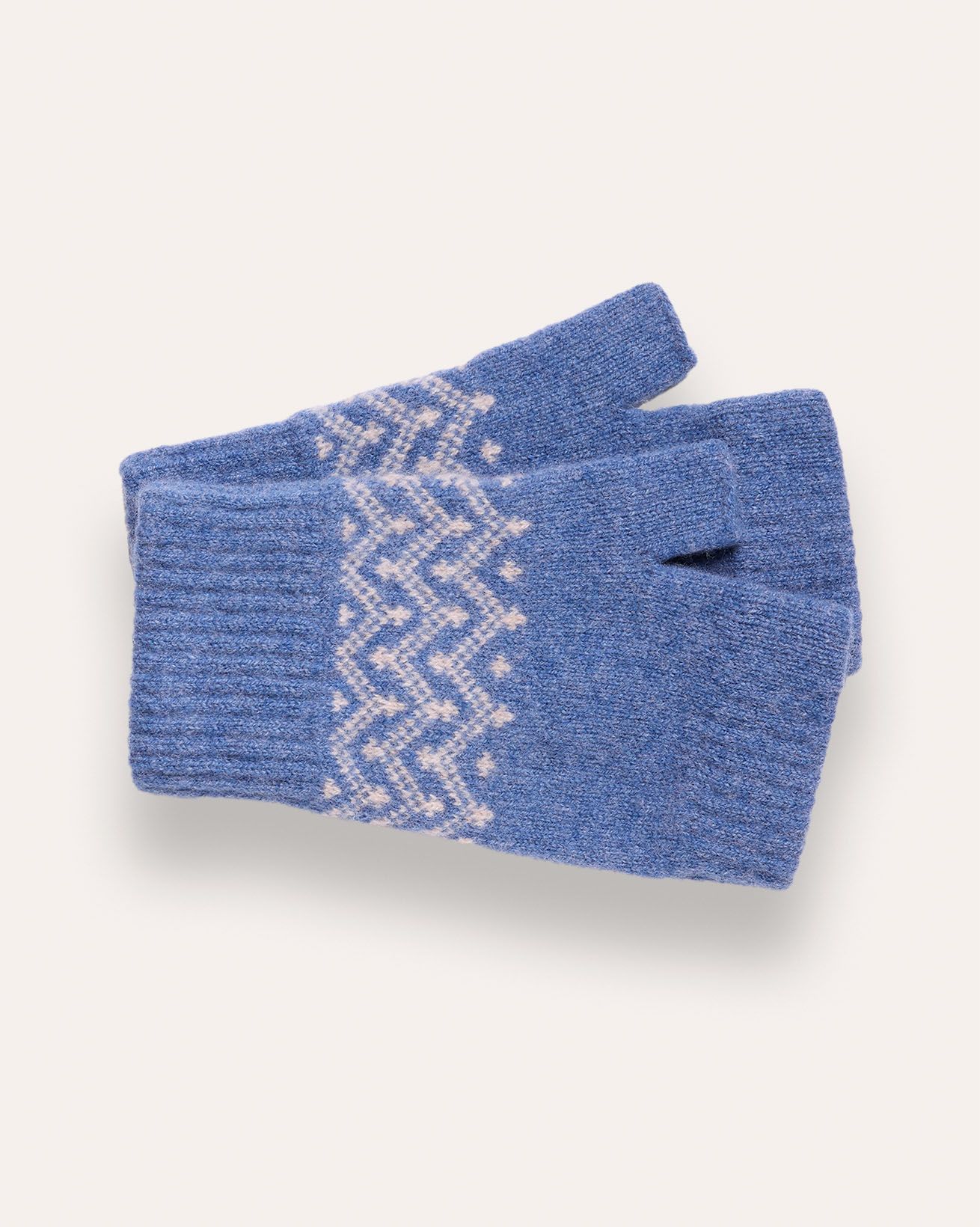 These fingerless gloves, crafted in Britain from Lambswool, feature a two-colour ripple pattern fair isle design. They can be styled with the matching Lambswool Ripple Fair Isle Bobble Hat and Snood.
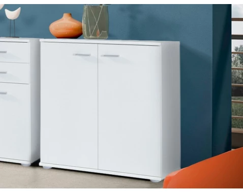 Komoda dvoudveřová o šířce 71 cm a v barvě bílá. Jednoduchým a zcela univerzálním stylem se hodí do jakékoliv místnosti.
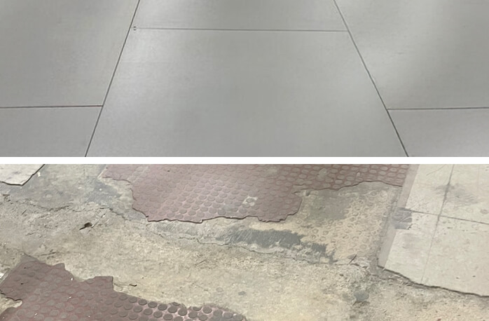 The vinyl flooring in this area had several areas that were visibly out of level. Due to the quirks of an older building, the flooring in this side of the operation was also 3/8-inch lower than the area in which the AMRs had initially been deployed.
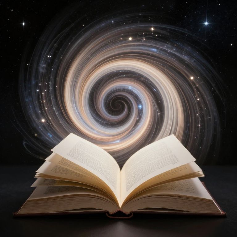 A colossal, open book with pages curling into an endless spiral forms a cosmic vortex, its parchment glowing faintly against the starlit void.
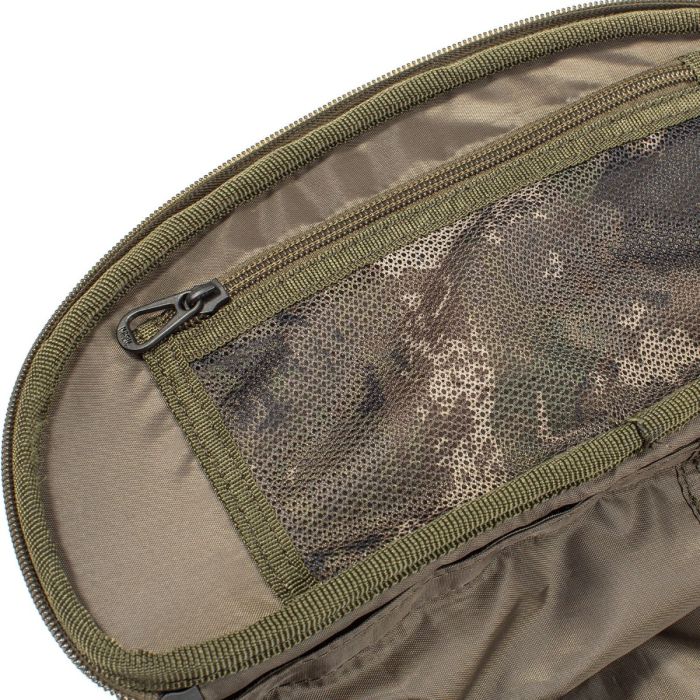 De tas is gemaakt van een lichtgewicht peachskinmateriaal dat zorgt voor een camoflagpatroon dat niet alleen overeenkomt met het Scope-assortiment, maar dat u discreet zal houden als u op de oever zit. Dit verkleint het risico op schrikken van de vis.
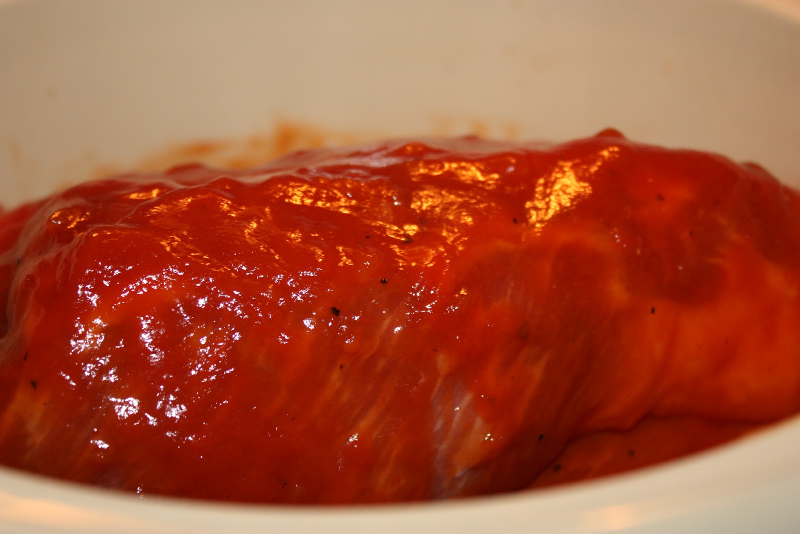 I prepped a pork roast for the crock-pot by smothering it in my homemade BBQ sauce
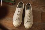 コンバース×メルローズの「オールスター アール」白スニーカー、真鍮ハトメ&ネイビーの差し色で
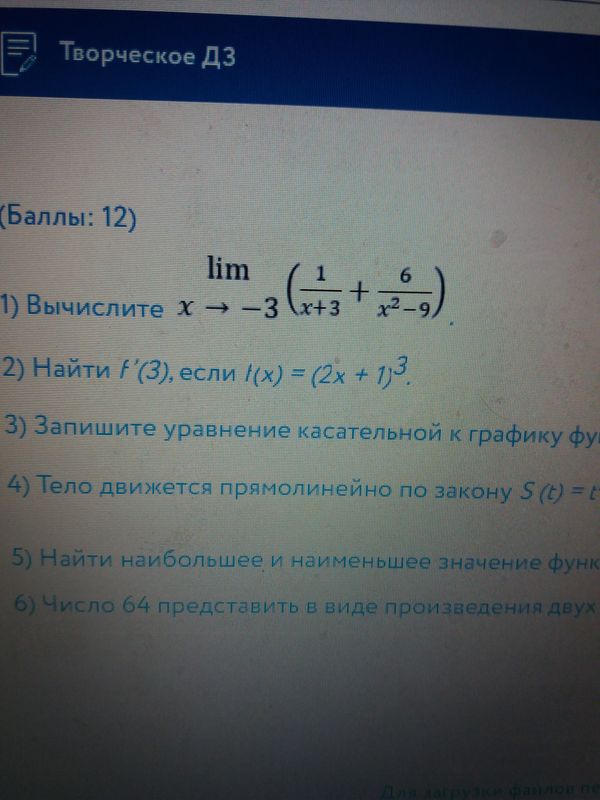 [m]lim_{ x→ -3}(\frac{1}{-3+3}+\frac{6}{(-3)^2-9})=\frac{1}{0}+\frac{6}{0} [/m]
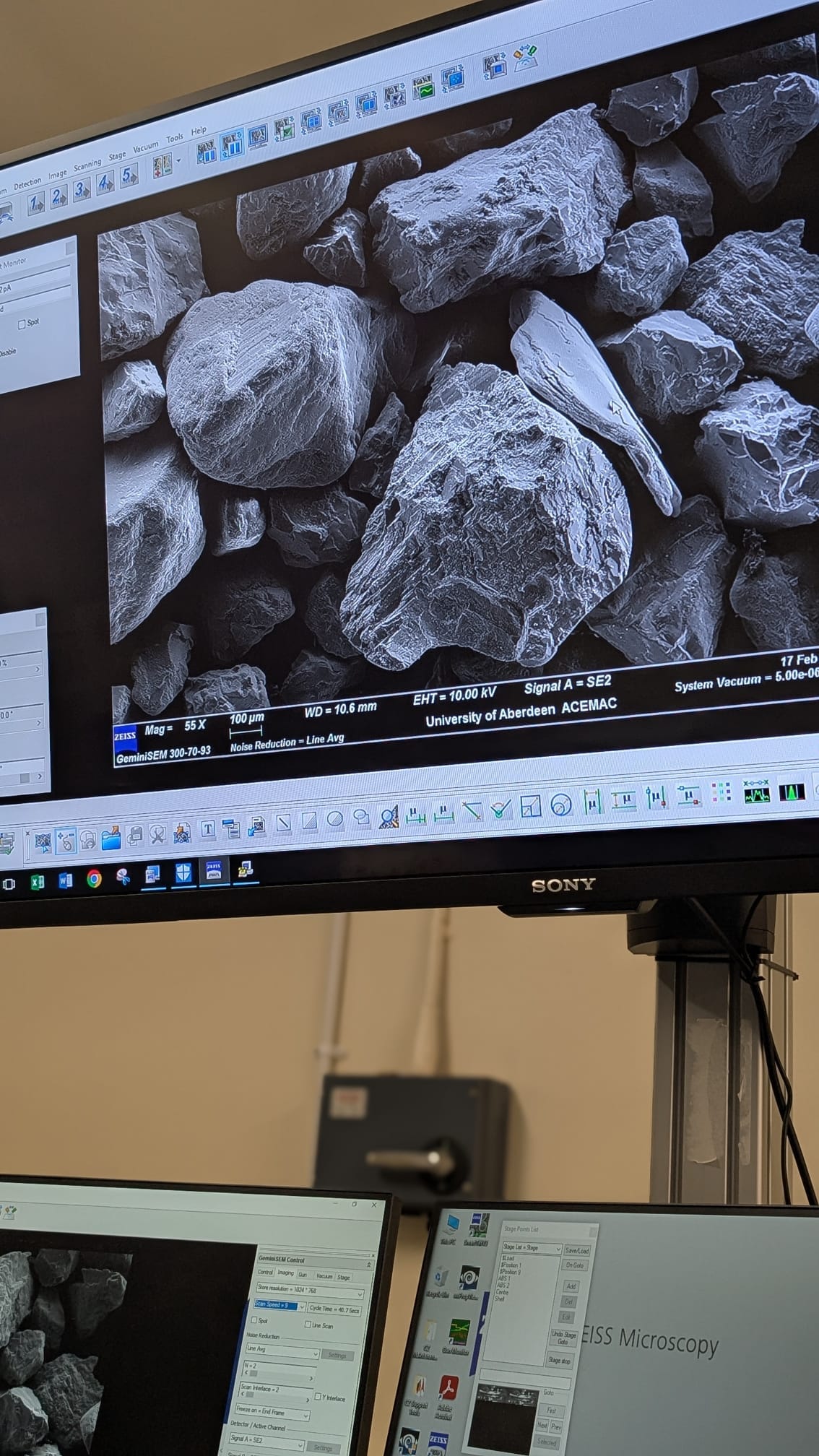 April Hay's microscope image of Aberdeen Sand Laura Sherriff's Bag Development Ben Durack's 3D chair models Anne Marquiss' ship hull drawings
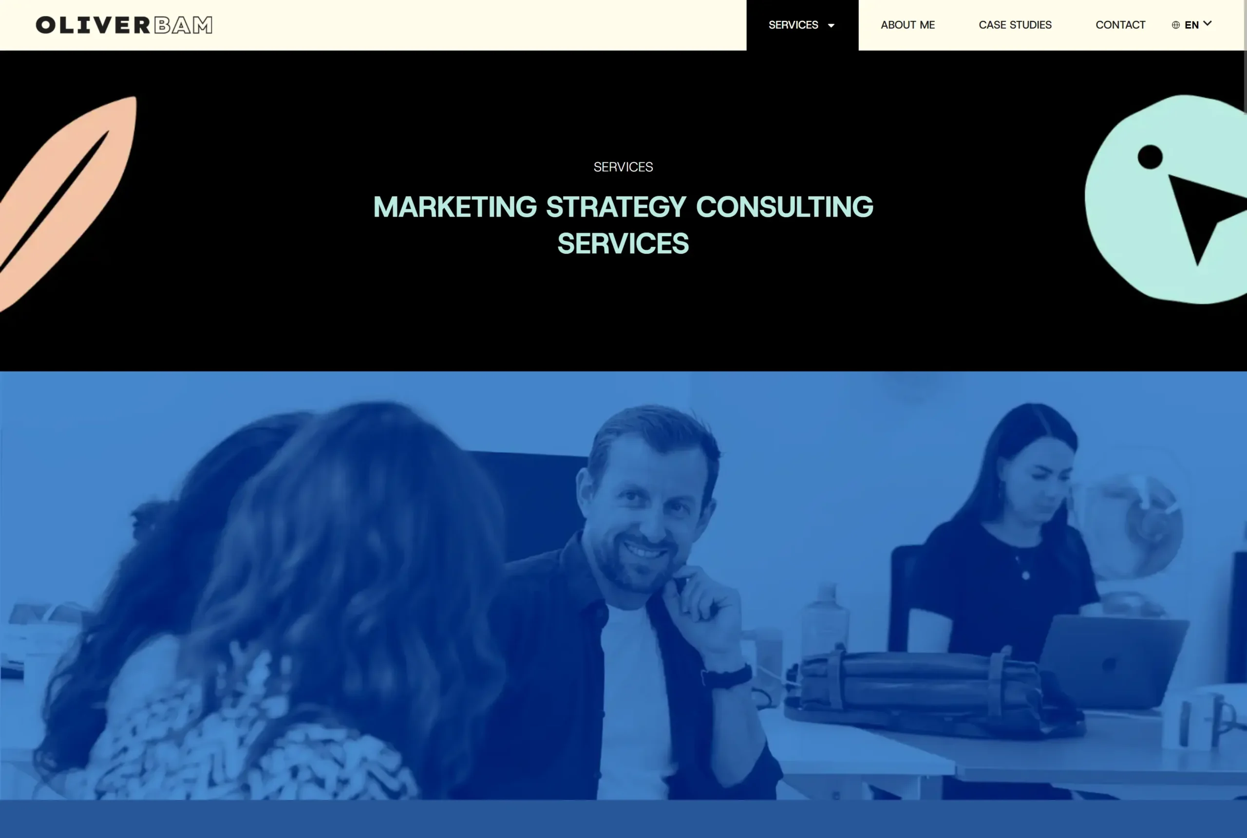 Web Corporativa para Oliver Bam, especialista en Marketing y Marca Personal, en la que se centra en su marca, sus servicios, y creación de infraestructura de entradas y noticias para optimizar e impulsar el SEO.
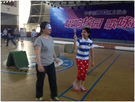 家長(zhǎng)們雙眼被嚴(yán)嚴(yán)實(shí)實(shí)地蒙住,由孩子通過(guò)鈴鼓的聲音引領(lǐng)著前進(jìn)。途中,還得繞障礙物轉(zhuǎn)圈才能繼續(xù)前行——這拼的可是實(shí)力??!
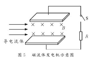 【例1】圖5為磁流體發(fā)電機(jī)示意圖。設(shè)兩金屬板間的距離為d,兩極板間勻強(qiáng)磁場的磁感應(yīng)強(qiáng)度為B。等離子體垂直進(jìn)入磁場的速度為v,單個離子所帶的電荷量為q。離子通道(即兩極板內(nèi)所圍成的空間)的等效電阻為r,負(fù)載電阻為R。則下列判斷正確的是( ?。?br /> A。該發(fā)電機(jī)的電動勢E=Bdv
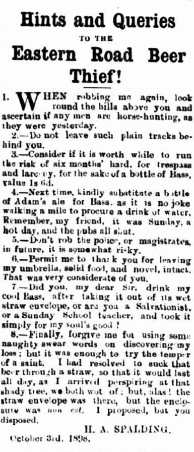 On a hot Sunday in early October 1898, Spaldo went to a park and found a shady tree. He brought with him an umbrella, a book, some food, and a nice cold Bass beer in a wet straw envelope. He left everything there, and when he returned, the beer was gone. Someone had stolen it! Most people, though annoyed, would simply move on from the loss. Not Spaldo. He placed an advertisement in the Geraldton Advertiser titled ‘Hints and Queries to the Eastern Road Beer Thief!’
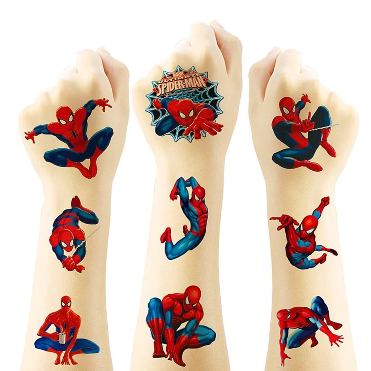 - Spider-themed temporary tattoo stickers inspired by popular superhero designs for kids and teens.
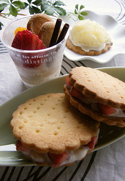 楽天レシピ:「残った生クリームでクッキーサンドアイス 」より

▬▬▬▬▬▬▬▬▬▬

YOUR ASSIGNMENT.
Restate word for word only the lines from where the entries begin through the one with "The vinyl flooring"; omit the pictures.

OUTPUT FOR THIS EXERCISE.
 These fingerless gloves, crafted in Britain from Lambswool, feature a two-colour ripple pattern fair isle design. They can be styled with the matching Lambswool Ripple Fair Isle Bobble Hat and Snood.
 Komoda dvoudveřová o šířce 71 cm a v barvě bílá. Jednoduchým a zcela univerzálním stylem se hodí do jakékoliv místnosti.
 The vinyl flooring in this area had several areas that were visibly out of level. Due to the quirks of an older building, the flooring in this side of the operation was also 3/8-inch lower than the area in which the AMRs had initially been deployed.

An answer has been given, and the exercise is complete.